The GEONAV systems, which used DSOS (Frailey, 1975) as their operating system, performed the required navigation, and collected, processed, and stored the seismic data being received in real-time.

=== Naming ===
The name Deep Six Operating System was the brainchild of Phil Ward (subsequently a world-renowned GPS expert) who, at the time, was manager of the project and slightly skeptical of the computer science professor, Dennis Frailey, who insisted that an operating system was the solution to the problem at hand. In a sense the system lived up to its name, according to legend. Supposedly one of the ships hit an old World War II naval mine off the coast of Egypt and sank while being navigated by GEONAV and DSOS.

== Why an operating system? ==
In the 1970s, most real-time applications did not use operating systems because the latter were perceived as adding too much overhead. Typical computers of the time had barely enough computing power to handle the tasks at hand. Moreover, most software of this type was written in assembly language. As a consequence, real-time systems were classic examples of spaghetti code: complex masses of assembly language software using all sorts of machine-dependent tricks to achieve maximum performance.
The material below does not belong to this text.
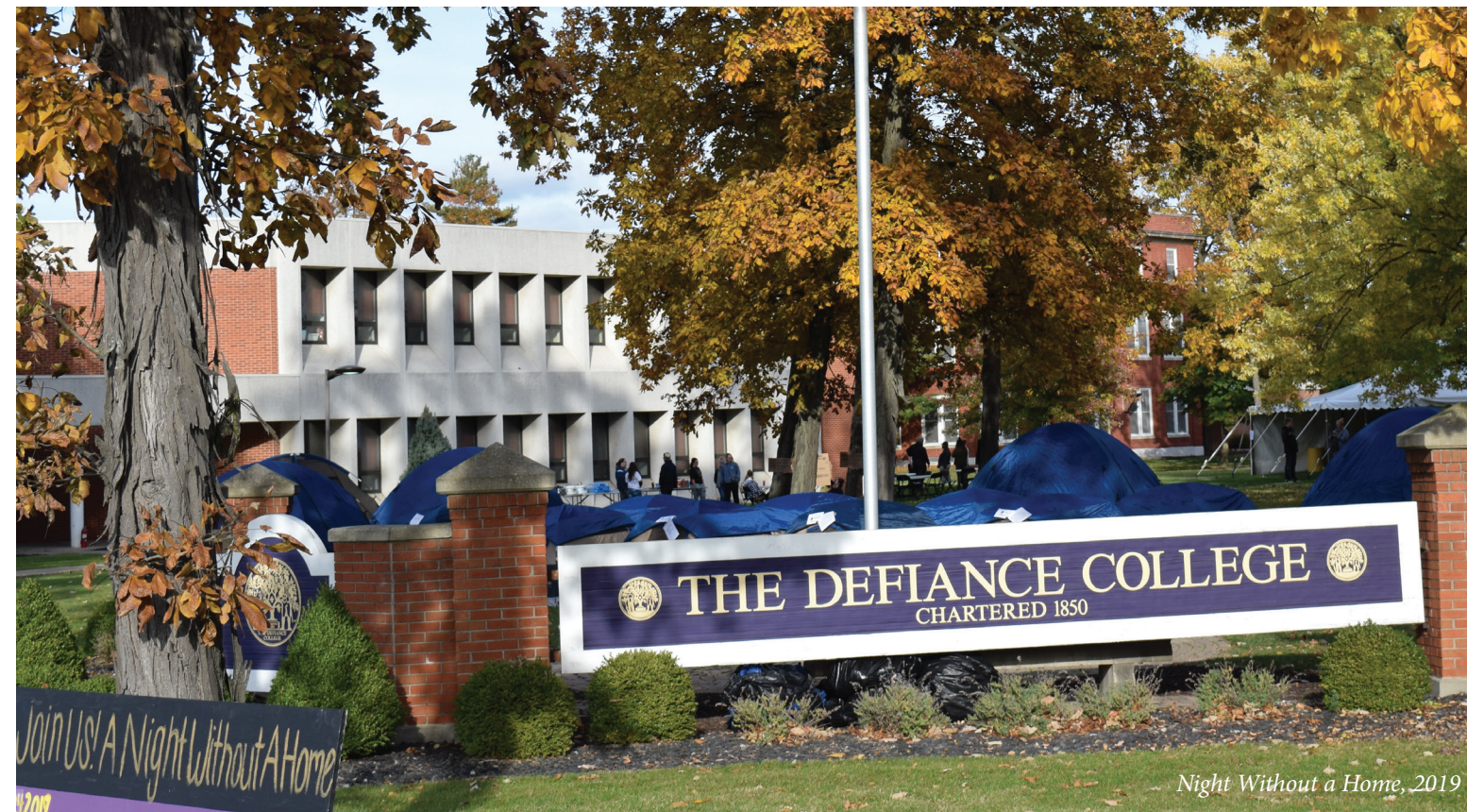
Please note that because this is an inaugural report, we suspect that service at Defiance College was significantly underreported for the 2019-2020 academic year. We anticipate that reporting in 2021 will more accurately reflect the service at Defiance College.

DSOS ran on a Texas Instruments 980 minicomputer being used for marine navigation on GSI's fleet. DSOS was created to bring some order to the chaos that was typical of real-time system design at that time. The 980 was, for its time, a relatively powerful small computer that offered memory protection and multiple-priority interrupt abilities. DSOS was designed to exploit these features.

== Significance ==
DSOS (Frailey, 1975) was one of the pioneering efforts in real-time operating systems. Incorporating many of the principles being introduced at the time in mainframe computer systems, such as semaphores, memory management, task management, and software interrupts, it used a clever scheme to assure appropriate real-time performance while providing many services formerly uncommon in the real-time domain (such as an orderly way to communicate with external devices and computer operators, multitasking, maintaining records, a disciplined form of inter-task communication, a reliable real-time clock, memory protection, and debugging support). It remained in use for at least three decades and it demonstrated that, if well designed, an operating system can make a real-time system faster (and vastly more maintainable) than what had been typical before. Today, almost all real-time applications use operating systems of this type.